Retrospective data collection
All patients who underwent one of the abovementioned elective outpatient procedures from June through December 2017 were included. We collected information regarding the frequency and type of pre-operative adjuncts used (acetaminophen, gabapentin, and NSAIDs), the frequency of use of local anesthetic and/or transversus abdominis plane (TAP) blocks, the quantity of opioid prescribed at discharge, and the frequency and type of postoperative adjuncts prescribed (acetaminophen and NSAIDs). We also queried electronic medical records for the number of phone calls generated regarding pain, the number of refills that were provided, and the amount of opioid prescribed to those patients who called with concerns regarding their pain control and those who received refills.
Quality improvement project
Data retrospectively collected (as described above) were used to initiate a QI project in the general surgery clinic with three goals: 1) to improve patient/provider education, 2) to decrease the number of opioids prescribed, and 3) to maintain our patients’ overall satisfaction regarding pain control.

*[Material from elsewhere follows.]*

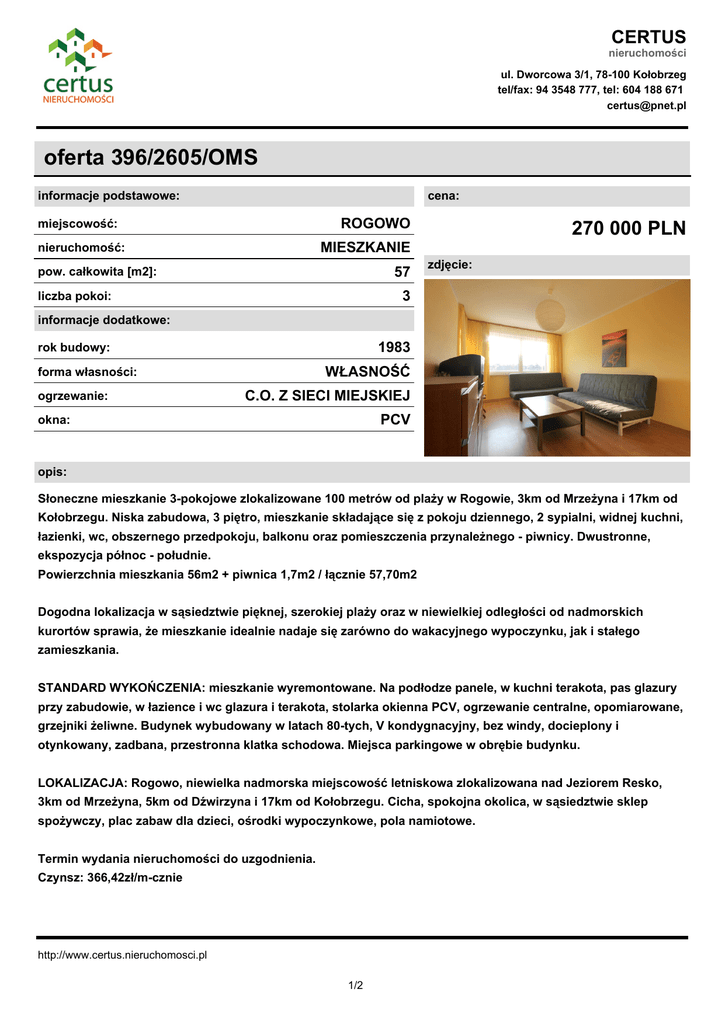 CERTUS nieruchomości ul. Dworcowa 3/1, 78-100 Kołobrzeg tel/fax: 94 3548 777, tel: 604 188 671 [email protected] oferta 396/2605/OMS informacje podstawowe: cena: ROGOWO miejscowość: 270 000 PLN MIESZKANIE nieruchomość: 57 pow. całkowita [m2]: zdjęcie: 3 liczba pokoi: informacje dodatkowe: 1983 rok budowy: WŁASNOŚĆ forma własności: ogrzewanie: C.O. Z SIECI MIEJSKIEJ PCV okna: opis: Słoneczne mieszkanie 3-pokojowe zlokalizowane 100 metrów od plaży w Rogowie, 3km od Mrzeżyna i 17km od Kołobrzegu. Niska zabudowa, 3 piętro, mieszkanie składające się z pokoju dziennego, 2 sypialni, widnej kuchni, łazienki, wc, obszernego przedpokoju, balkonu oraz pomieszczenia przynależnego - piwnicy. Dwustronne, ekspozycja północ - południe. Powierzchnia mieszkania 56m2 + piwnica 1,7m2 / łącznie 57,70m2 Dogodna lokalizacja w sąsiedztwie pięknej, szerokiej plaży oraz w niewielkiej odległości od nadmorskich kurortów sprawia, że mieszkanie idealnie nadaje się zarówno do wakacyjnego wypoczynku, jak i stałego zamieszkania. STANDARD WYKOŃCZENIA: mieszkanie wyremontowane. Na podłodze panele, w kuchni terakota, pas glazury przy zabudowie, w łazience i wc glazura i terakota, stolarka okienna PCV, ogrzewanie centralne, opomiarowane, grzejniki żeliwne. Budynek wybudowany w latach 80-tych, V kondygnacyjny, bez windy, docieplony i otynkowany, zadbana, przestronna klatka schodowa. Miejsca parkingowe w obrębie budynku. LOKALIZACJA: Rogowo, niewielka nadmorska miejscowość letniskowa zlokalizowana nad Jeziorem Resko, 3km od Mrzeżyna, 5km od Dźwirzyna i 17km od Kołobrzegu. Cicha, spokojna okolica, w sąsiedztwie sklep spożywczy, plac zabaw dla dzieci, ośrodki wypoczynkowe, pola namiotowe. Termin wydania nieruchomości do uzgodnienia. Czynsz: 366,42zł/m-cznie http://www.certus.nieruchomosci.pl 1/2 CERTUS nieruchomości ul. Dworcowa 3/1, 78-100 Kołobrzeg tel/fax: 94 3548 777, tel: 604 188 671 [email protected] ISTNIEJE MOŻLIWOŚĆ WYNAJĘCIA NA DŁUŻSZY OKRES CZASU - minimum rok Czynsz najmu 1.000zł/miesięcznie + opłaty, 1 miesięczna kaucja. W celu uzyskania szczegółowych informacji o ofercie prosimy o kontakt telefoniczny, bądź mailowy http://www.certus.nieruchomosci.pl 2/2

Following retrospective data collection, we took a collaborative and multifaceted approach to address the issue. We worked with our hospital’s Office of Patient Experience to create a new handout that is now included in the preoperative packet and discussed with the patient during their preoperative visit. This handout informs our patients of the risks associated with opioid use. We discussed our current prescribing practices as well as many published guidelines at an Acute Care Surgery Division meeting in the presence of the faculty surgeons and advanced practice providers who staff this clinic. A consensus was achieved by all providers as to which opioids would be included on the order set. As part of our education initiative, the residents on the emergency general surgery service are educated during their rotation on the risks of opioid use and optimal ways to improve our prescribing habits, while appropriately treating our patients’ acute pain.

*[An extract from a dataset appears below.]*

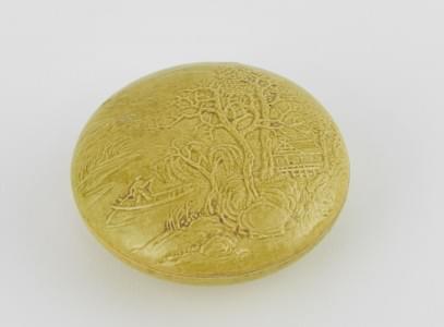 Bois fruitier à décor peint d'une ville surréaliste, porte un mo...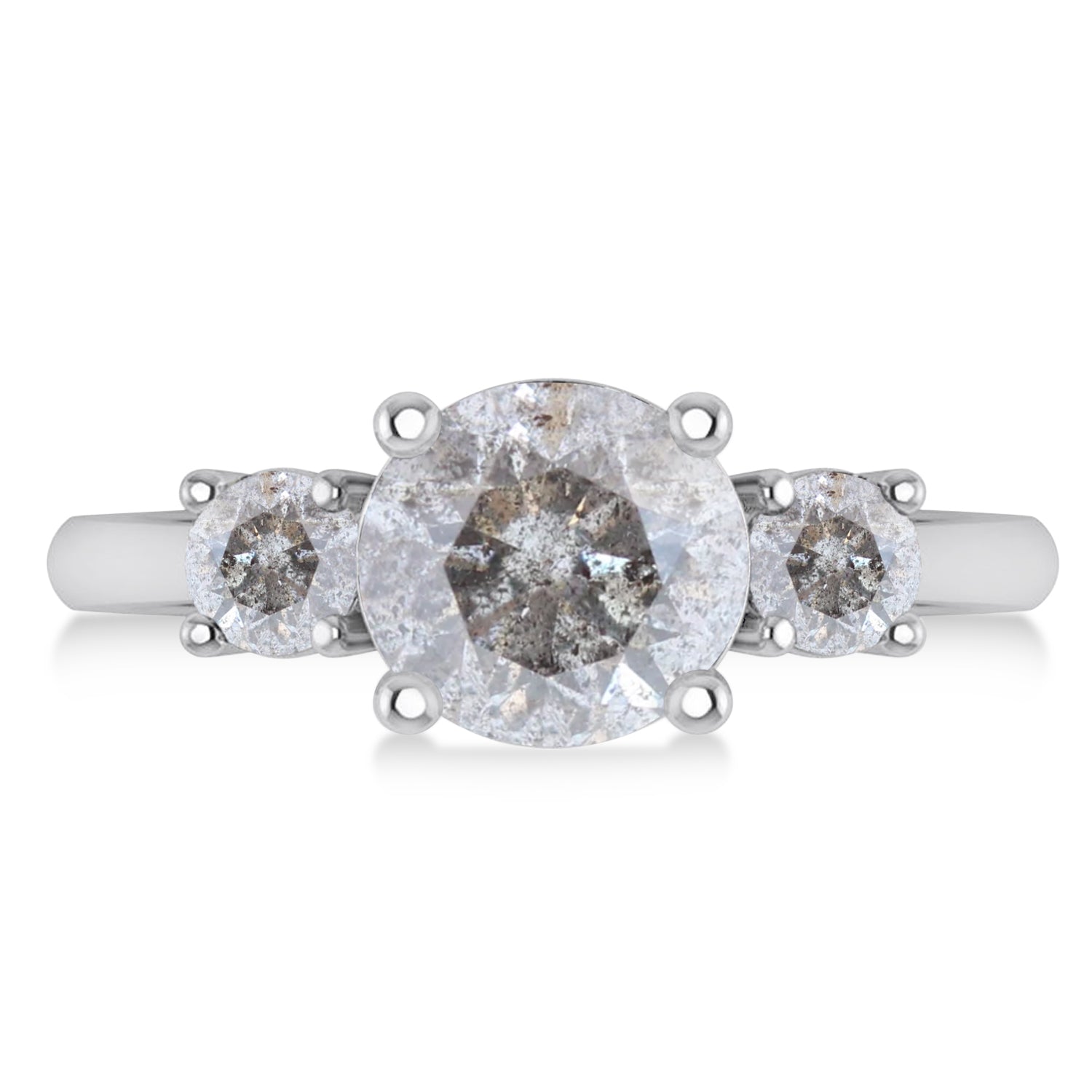 Round 3-Stone Salt & Pepper Diamond Engagement Ring 14k White Gold (2.50ct)

Additionally, we created new pre-operative and post-operative order sets for these procedures for ease and compliance. The hernia order set includes an automatic order for a Transversus Abdominus Plane (TAP) block. Gabapentin, acetaminophen, and Celecoxib vs. Toradol are on the order set, available to be checked as appropriate for each patient. The post-operative order set includes a box to prescribe scheduled acetaminophen and ibuprofen for five days. Three opioids are listed to choose from with a prefilled quantity of 20 pills: oxycodone 5 mg, Tramadol 50 mg, and Dilaudid 2 mg.
Our follow up clinic notes now include a prompt in the EMR template to ensure that all patients are being asked the following questions regarding their pain control: “How do you consider your post-operative pain management?” (Excellent, good, fair, poor), “How many days did you take your opioid medication?“, “How many pills did you take?“, and “What adjuncts did you use post operatively to help with pain control?”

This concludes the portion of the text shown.